(This column was published on 02-08-2007. It is being republished today as it is very much relevant.)
What President General Pervez Musharraf may mean by the term ‘enlightened moderation’ can be entirely different from what most thinkers, analysts, ideologues and political activists of liberalism, libertarianism and secularism want it to mean.
These purists of liberal-secular thought don’t mince their words when they say that religion simply has no place in a society or state that wants to embrace modernity, progress and all the liberties associated with democratic living. They aggressively argue that religion is purely a personal matter and should not be allowed to interfere in the affairs of the state that has no business deciding which religious beliefs are more sacred than the others.
The problem with this argument is that Islam doesn’t subscribe to the view that religion is a personal matter. Nor does Islam consider itself divorced from how a society should behave in matters related to morality or from how a state should conduct its responsibilities towards its citizens.
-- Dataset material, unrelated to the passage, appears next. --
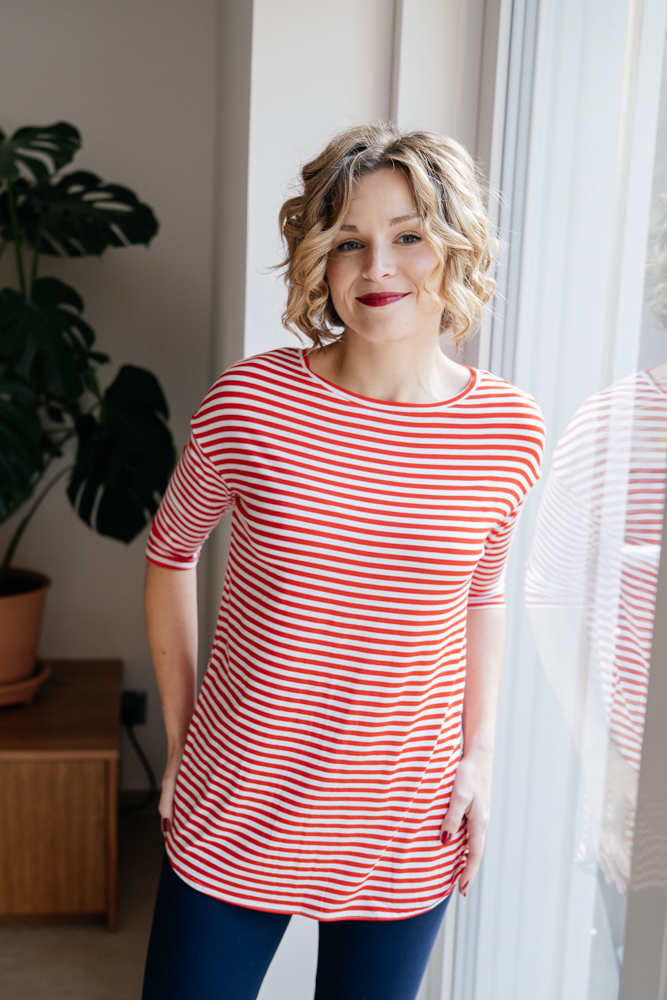 Bambusová tunika Dora s 3/4 rukávem červenobílý proužek Velikost: XL

Those who consider Islam to be merely a set of beliefs, a collection of rituals and a formula of seeking spiritual solace through practicing these beliefs, and performing these rituals, are sadly ignorant of the fact that Al Quran, the book on which Islam’s whole edifice is built and which is recognized by all true believers as the Word of God, is only partially—infact merely about 5%—devoted to what are regarded as Five pillars of Islam. The rest of Al Quran—nearly 95% is devoted to matters that are related to socio-economic morality as well as nationhood and statehood.
One cannot be taken as a Muslim if one’s belief in Al Quran is not absolute. And if one’s belief in Al Quran is absolute, one is not expected to place the Word of God on sidelines while making the laws of the state, and defining an individual’s relationship with other individuals, the society, the state and God, who according to Islam is the true ultimate Sovereign of the Land.
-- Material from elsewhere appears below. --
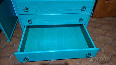 Vendesi armadio e cassettiera in legno massello, fatti a mano. Colore verde.
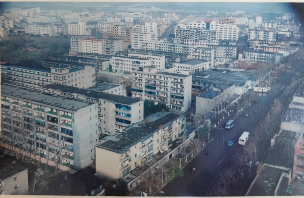 ▲80年代末,荊門市長寧大道街景圖。荊門公交集團(tuán)總公司(舊址)位于長寧大道西側(cè)。當(dāng)年總公司院內(nèi)建有辦公樓、停車場(chǎng)、機(jī)修車間、機(jī)加車間、油庫、倉庫。

The purists of traditional secularism cite the example of the West where the States and the Nations progressed only after the Church was banished from Politics.
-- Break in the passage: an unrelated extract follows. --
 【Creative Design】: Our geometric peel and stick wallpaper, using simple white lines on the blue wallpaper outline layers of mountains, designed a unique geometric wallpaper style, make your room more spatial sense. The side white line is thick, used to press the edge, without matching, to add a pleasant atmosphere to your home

This principle cannot be applied in Islam’s case, as there is no Church or its equal in Islam, and there is no institution of clerical hierarchy either. Theocracy has simply no place in Islam.
Holding Islam responsible for the backwardness of Muslim countries is also wrong. Muslim countries are underdeveloped and backward because they are still struggling to lay their hands on the fruits of freedom they have won only recently from the yoke of West’s imperial colonialism.
President Pervez Musharraf or for that matter any one who desires to opt for enlightened moderation as the guiding principle of our national way of living, must take into account the fact that a person as modern and enlightened as Mohammad Ali Jinnah had given a solemn pledge to history that no laws in Pakistan would be made that would in any way be in contradiction with Al Quran and Shariah.
Meaning thereby that the Father of the Nation recognized the role of Islam in Pakistan’s statehood.